Чижиков бил в одну точку: нужно создать обстановку боевой напряженности, мобилизованности, объединить усилия всех, кто может и должен участвовать в подавлении мятежа. Кажется, докладчик достиг желаемого. Выступавшие после него были немногословны, говорили страстно, спорили ожесточенно, без полупоклонов местным авторитетам, называя вещи своими именами.

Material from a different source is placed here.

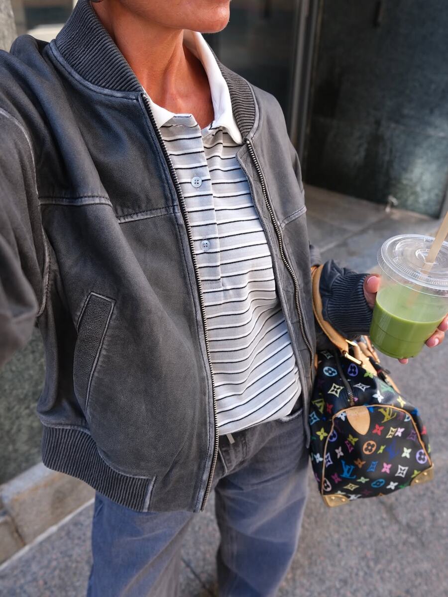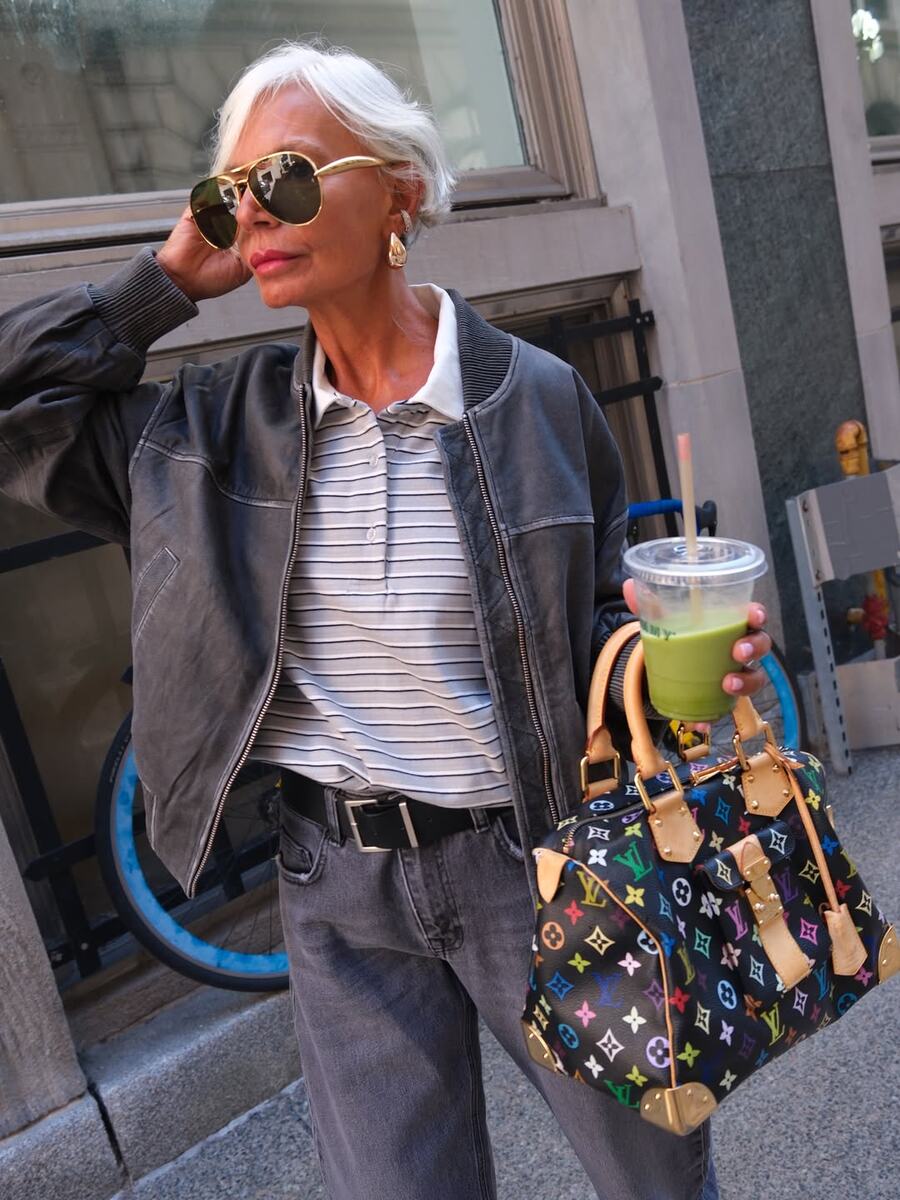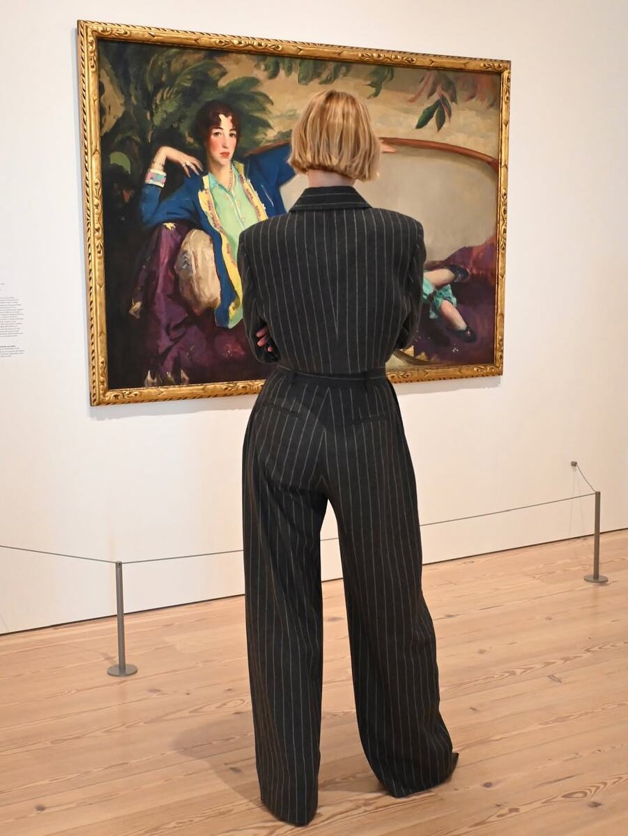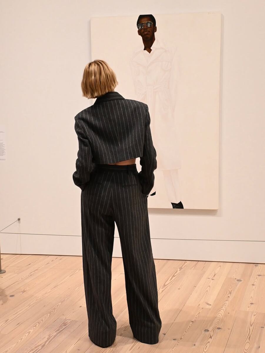 Пока Робертс демонстрировала нам светлую сторону тонкой полоски, Лесли Бибб напомнила о строгом, но всегда шикарном подходе. Этой осенью Бибб показала, что полоски являются основой делового стиля для осени. В элегантных брюках со складками и укороченном жакете серого цвета с белыми полосками и выразительными плечами она доказала, что классика не обязательно должна быть скучной. Это был идеальный баланс структуры, изысканности и современной женственности.

Ожесточенней всего спорили о причинах мятежа. Секретарь губкома Водиков постарался снять вину с продовольственников. Лавр Гаврилович, опытный оратор, говорил раздумчиво, не настаивал, не предлагал, а вроде бы советовался, сомневался вслух, искал верный ответ. Этот прием да и весь облик Водикова — добродушный и мягкий, с белозубой улыбкой из-под пышных казацких усов, с негромким, но сочным голосом— сделали свое дело. К концу речи Водикова из зала повеяло как бы некоторым успокоением. Это встревожило Чижикова, и он снова в тысячный раз задал себе вопрос: «Кто есть Водиков? Перекрасившийся эсер или большевик, не очистившийся от эсеровских заблуждений?» Ответа не было. Чижиков переворошил в памяти все, что знал об этом умном, образованном человеке — то ли ошибающемся друге, то ли изворотливом враге. И не нашел зацепки, за которую можно было бы взяться и размотать клубок. Дальнейшее неведение— кто же он? — становилось нетерпимым и опасным. В бою надо верить идущему рядом. А Чижиков не верил секретарю губкома, бывшему эсеру Водикову. Видимых оснований к недоверию не было никаких, кроме интуиции, а на ней, как известно, политику не строят. Оттого и нервничал Гордей Артемович. Оттого и вдумывался в каждую фразу Водикова.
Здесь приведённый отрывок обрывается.